Friday, March 23, 2012

Is the Roberts Court More Constitutionally Ambitious than the Warren Court?

Mark Tushnet

No, this isn't another post about the Affordable Care Act litigation. It's about the Court's decisions earlier this week about the constitutional regulation of plea bargaining by means of the Sixth Amendment's requirement of effective (or not incompetent) assistance of counsel. Justice Kennedy's opinions emphasized the predominance of the resolution of criminal cases by pleas rather than through trials. Most of the Court's regulation of the criminal process has focused on the trial itself, with exclusionary rules the vehicle for influencing police conduct.

For me, the contrast between the plea-bargaining decisions and the Warren Court's decision in Terry v. Ohio is quite striking. In Terry Chief Justice Warren openly acknowledged the Court's inability to regulate the vast majority of police-citizen interactions through the exclusionary rule.
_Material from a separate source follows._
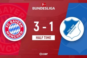 體育資訊2月9日訊 北京時(shí)間2月9日0點(diǎn)30分,德甲第21輪,拜仁慕尼黑在主場(chǎng)安聯(lián)競(jìng)技場(chǎng)對(duì)陣霍芬海姆。上半場(chǎng),迪亞斯造點(diǎn),阿克波古馬染紅,凱恩點(diǎn)射破門,阿斯拉尼頭球中框,諾伊爾失誤送禮,克拉馬里奇版平板比分,半場(chǎng)結(jié)束前迪亞斯再度造點(diǎn),凱恩點(diǎn)射雙響,迪亞斯補(bǔ)時(shí)自己打進(jìn)一球。上半場(chǎng)拜仁慕尼黑3-1霍芬海姆。

The tools the courts had available, the Court said, were inadequate to the task of such regulation. Justice Scalia's dissent in the plea-bargaining points made the same assertion about the tools available to regulate plea bargaining. Justice Kennedy responded that over time the courts could be expected to develop a working toolkit for the problem. It's interesting to wonder how things might have worked out had the Warren Court taken the same approach to police-citizen interactions on the street.